I was late having had to herd a recalcitrant cow to the barn yard where she definitely didn’t want to go. As I crunched through the snow laughter erupted and I entered in time to see a neighbor toppling backwards off his folding chair amid tearing eyed, raucous gaffawing.
The government man had just shown his federal cow fart filter sending the place into hysterics and him out into the snow.
Now, according to AP, with farmer’s price of milk falling Vermont dairy farmers mindful of shrinking their carbon footprint, are changed their cows’ diet to reduce the amount of gas the animals emit to limit dairy cows’ contribution to global warming.
They say they can reduce the cows’ intestinal methane by feeding them flaxseed, alfalfa, and grasses high in Omega 3 fatty acids.

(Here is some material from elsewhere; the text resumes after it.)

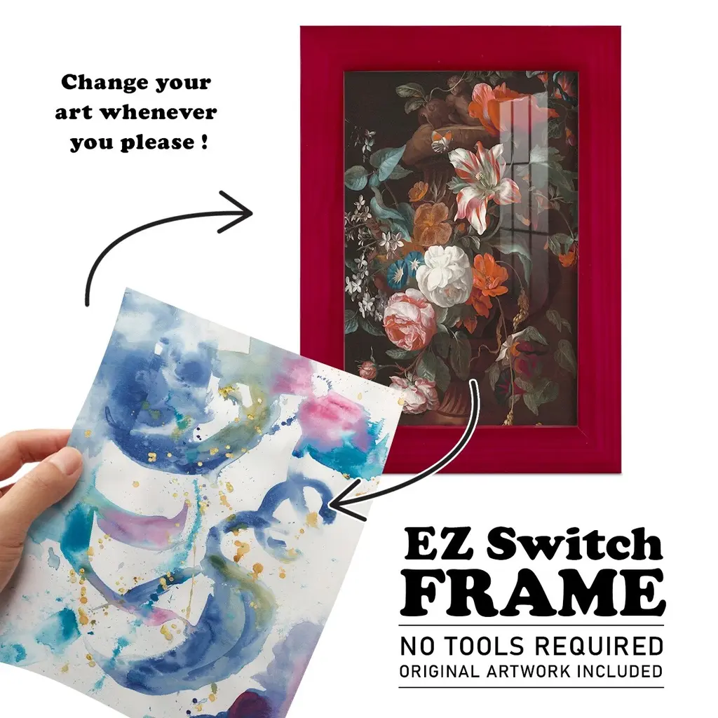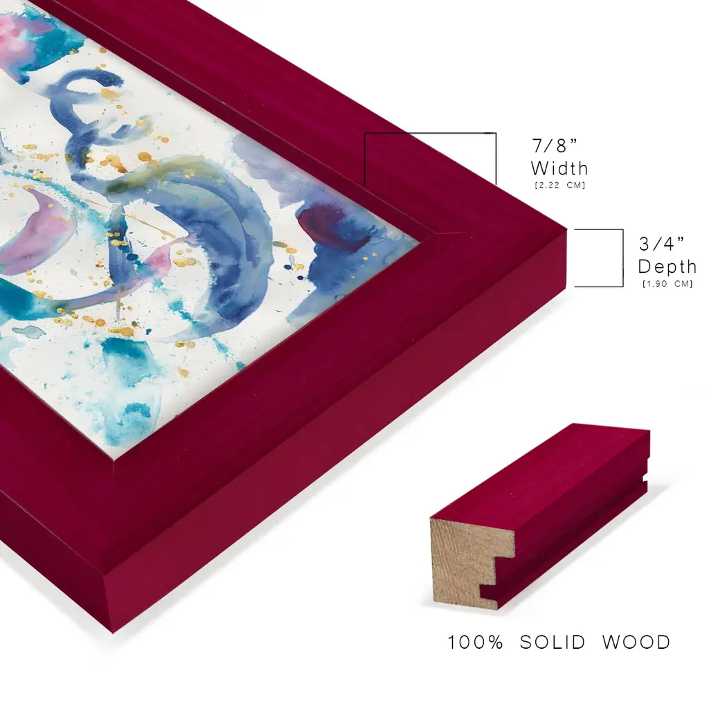 Fiesta I -EZ SWITCH Framed Print w/glass-Cherry Red A delightful, framed print. Featuring a solid wood frame with real wood glass. This premium print is giclee quality. In addition, every frame features a removable back and table top stand. This allows you to change your art in the future or to just stand the art on a table for a new look. We are sure you'll enjoy our new series of EZ SWITCH Framed Art. Solid Wood Frame Real Glass Removable / Replaceable Art Built in Tabletop Stand Sizes range from 4x6 up to 12x15 - buy just one or pair them up as sets as you see fit.

The gas cows belch is the dairy industry’s biggest greenhouse gas contributor, researchers say -most of it emitted from the front and not the back end of the cow proving those government wrong all those years ago. Now if you have ever been in a dairy barn for more than 5 minutes you might dispute those research results.
At any rate it is said the dairy industry contributes about 2 percent to the country’s total greenhouse gas production. Most of it comes from the cow, the rest from growing feed crops for the cattle to processing and transporting the milk.
To satisfy consumers’ demands for “sustainable” production, dairy farmer associations are looking at everything from growing feed crops to how milk is truck to reduce the industry’s greenhouse gas emissions by 25 percent by 2020. That would be the equivalent of removing about 1.25 million cars from U.S. roads every year.
An enduring legacy of all this is the idea of collecting all that flammable methane gas - some way or other - and producing electricity from methane gas. Belief me I am all for reducing cow burps and flatulence but for far more practical reasons.